Tidak apa-apa merasa contoh ini terlalu ekstrem, toh ini model POP saya untuk transportasi, bukan model Anda, dan itulah sebagian maksud saya. Namun saya meyakini bahwa hingga kita kembali merasakan memijak bumi lagi, kita tidak akan pernah belajar untuk berjalan dengan lembut di atasnya. Kita akan gagal meningkatkan taraf kepedulian dalam kehidupan kita yang, sayangnya, tampaknya hanya muncul bila perlu dan tidak terelakkan. Ketika Anda berjalan tanpa alas kaki, Anda memerhatikan tumbuhan di area itu (atau banyaknya sampah), kalau bukan karena Anda tidak ingin kaki Anda mengenai duri (atau beling). Saya sering kali mendapati bahwa ketika saya berjalan tanpa alas kaki, saya mengumpulkan sedikit lebih banyak makanan, karena saya menjadi semakin memerhatikan sekitar saya.
Kendati sangat sering dilakukan dalam ekonomi lokal (meskipun ada sedikit perubahan sejak kemunculan jaringan internet), barter masih merupakan contoh dari gemarnya budaya manusia dewasa ini pada tukar-menukar. Sering kali saya bertanya-tanya mengapa kita tidak bisa sekadar berbagi bakat dan karunia yang kita miliki pada satu sama lain tanpa alasan apa pun selain untuk menolong sesama. Itulah sebabnya sepatu hasil barter berada di tingkat ketiga, sementara sepatu yang diberikan secara cuma-cuma pada saya menempati Level 2. Bersepeda, simbol masyhur gaya hidup berkelanjutan, hanya menempati Level 5. Saya bukannya hendak kelewat keras pada berkendara menggunakan sepeda standar industri, karena manfaatnya banyak, dan saya setuju cara itu lebih berkelanjutan. Saya hanya tidak meyakini bahwa cara itu sepenuhnya berkelanjutan, mengingat produksinya memerlukan berbagai material yang diimpor dari sekeliling dunia menggunakan infrastruktur berbasis globalisasi yang pada hakikatnya destruktif dan mengeksploitasi Alam selebihnya. Jika sepeda skala industri tidak berkelanjutan dalam jangka waktu yang tidak terbatas, mengapa kita beranggapan dapat terus menggunakannya? Berkendara dengan sepeda macam apa pun juga memutus hubungan kita dengan bumi lebih daripada berjalan, dan menyebabkan kehidupan bergerak lebih cepat (yang dengan waktu luang yang disediakannya kita jadi mengonsumsi lebih banyak barang), maka itulah posisinya lebih rendah daripada “berjalan menggunakan sepatu kampas buatan pabrik Cina” dalam model POP saya untuk transportasi. Walau demikian, bersepeda masih memungkinkan Anda untuk beredar tanpa perlu mengeluarkan uang (apalagi jika Anda dapat memulung suku cadang untuk mempertahankannya), yang boleh jadi itulah yang sedang Anda upayakan—kalau demikian keadaannya, bersepeda bisa saja berada di puncak model POP Anda.

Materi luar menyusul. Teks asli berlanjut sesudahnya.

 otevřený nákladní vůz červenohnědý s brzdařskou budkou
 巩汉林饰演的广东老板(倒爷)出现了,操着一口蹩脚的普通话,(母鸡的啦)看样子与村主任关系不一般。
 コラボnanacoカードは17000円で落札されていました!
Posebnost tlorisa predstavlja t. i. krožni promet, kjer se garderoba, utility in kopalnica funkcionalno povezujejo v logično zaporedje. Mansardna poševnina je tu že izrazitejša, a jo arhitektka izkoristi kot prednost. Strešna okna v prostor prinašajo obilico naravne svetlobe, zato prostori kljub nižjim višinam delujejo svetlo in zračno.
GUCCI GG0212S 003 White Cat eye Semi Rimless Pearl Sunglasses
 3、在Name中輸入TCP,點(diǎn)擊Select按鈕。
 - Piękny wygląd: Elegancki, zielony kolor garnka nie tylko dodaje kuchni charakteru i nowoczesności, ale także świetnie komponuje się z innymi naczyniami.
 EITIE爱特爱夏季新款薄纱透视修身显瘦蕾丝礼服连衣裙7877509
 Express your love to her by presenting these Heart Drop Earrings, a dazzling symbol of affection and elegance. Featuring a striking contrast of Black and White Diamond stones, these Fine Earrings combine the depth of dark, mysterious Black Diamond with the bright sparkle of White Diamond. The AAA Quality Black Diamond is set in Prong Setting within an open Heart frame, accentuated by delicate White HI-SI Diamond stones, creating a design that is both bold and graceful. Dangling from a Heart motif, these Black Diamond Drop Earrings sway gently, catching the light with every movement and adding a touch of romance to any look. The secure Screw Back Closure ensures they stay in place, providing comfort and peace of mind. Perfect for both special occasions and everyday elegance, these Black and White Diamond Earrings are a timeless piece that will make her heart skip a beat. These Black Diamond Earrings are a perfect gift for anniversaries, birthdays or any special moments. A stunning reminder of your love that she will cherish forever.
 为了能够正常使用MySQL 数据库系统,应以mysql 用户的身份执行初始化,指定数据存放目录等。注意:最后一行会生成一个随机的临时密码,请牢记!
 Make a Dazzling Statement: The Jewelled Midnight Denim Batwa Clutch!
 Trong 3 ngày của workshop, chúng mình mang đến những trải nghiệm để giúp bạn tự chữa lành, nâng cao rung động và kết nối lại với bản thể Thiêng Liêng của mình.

Jangan khawatir jika Anda masih berada di tingkat bawah tanah model Anda. Sekarang ini saya lebih sering menggunakan sepeda skala industri daripada berjalan, walaupun model ini telah membantu saya memperjelas komitmen supaya ke depannya lebih sering berjalan tanpa alas kaki.
Camkanlah juga bahwa “jarak” di antara tiap-tiap level itu agak manasuka. Misalnya, pada model POP tertentu, “gap” di antara Level 4 dan 6 boleh jadi jauh lebih besar atau lebih kecil daripada gap di antara Level 1 dan 2. Ini juga memungkinkan Anda untuk “memusatkan perhatian”—jika Anda bertujuan dalam setahun beralih dari mengemudikan mobil hibrid ke mengendarai sepeda standar industri (Level 6 dan 5 dalam model versi saya), maka Anda mungkin ingin menempatkan keduanya berturut-turut di Level 1 dan Level 6, maka tambahkan beberapa tingkatan lagi di sela-selanya.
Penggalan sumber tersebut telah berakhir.